A sala do trono, agora totalmente reconstruída, exibia toda o esplendor da cultura dos anões, com sua arquitetura elaborada talhada na própria pedra da montanha, conseguindo moldar escadarias, pilares e estátuas com perfeição. Bilbo sentia um calafrio na espinha toda vez que visitava aquele local. Sabia que Thorin estava orgulhoso pelo resultado final das renovações; os estragos causados por Smaug só permaneceriam gravadas na memória. Erebor ressurgia dos escombros e das cinzas do passado mostrando todo o seu esplendor novamente.
– Tsc. - Resmungou o primeiro rei, sentado em seu trono – Toda essa formalidade só para receber um elfo...
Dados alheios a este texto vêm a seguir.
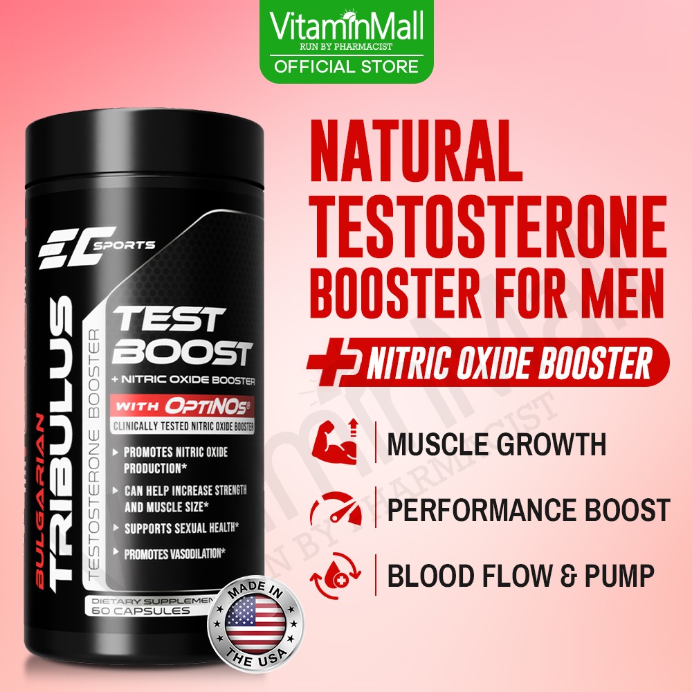 Nitric oxide boosters enable nitric oxide production to give you consistent strength to power through your workout, shorten your muscle recovery time boost muscle mass through directing protein for muscle building. Together with the testosterone boosting effect, EC Sports Bulgarian Tribulus with Maca + Nitric Oxide Booster helps you to gain lean muscles faster, increase muscle strength, and shorten muscle recovery time
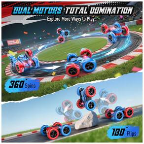Carrinho de controle remoto Hamdol Red & Blue, desenvolvido para crianças a partir de 6 anos, com carroceria em plástico ABS resistente a impactos e design dupla face em vermelho e azul que permite condução em ambos os lados após capotagens. A tração 4WD e o sistema de rotação possibilitam giros de 360°, flips e manobras contínuas em ambientes internos e externos planos, contribuindo para o desenvolvimento de coordenação motora e percepção espacial.??
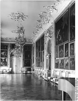 - ↑ Eine vergleichbare lückenlose Hängung besteht in der Bildergalerie (Sanssouci), doch sind die Werke dort nicht geschnitten und in Wandfelder eingelassen, auch gemindert durch Kriegsverluste.

Bilbo rolou os olhos com aquela atitude.
– Balin, será que poderia explicar ao meu marido as obrigações dele como o rei? – Pediu Bilbo, que estava sentado muito confortável ao lado direito do primeiro rei.
O anão ancião deu um meio sorriso e abriu a boca para falar, como lhe foi ordenado por seu segundo rei, mas foi prontamente interrompido pelo o rei anão.
– Eu sei quais são minhas obrigações! – Praticamente rosnou.
– Então, pare de ficar resmungando. Além disso, "toda essa formalidade" tem suas vantagens. - Bilbo falou lançando um olhar de desculpas a Balin pelos hábitos grosseiros de seu marido, que deveria agir como um monarca e não como um garoto mimado - mas o hobbit tinha seus meios de fazer com que seu adorado companheiro cooperasse com a cerimônia.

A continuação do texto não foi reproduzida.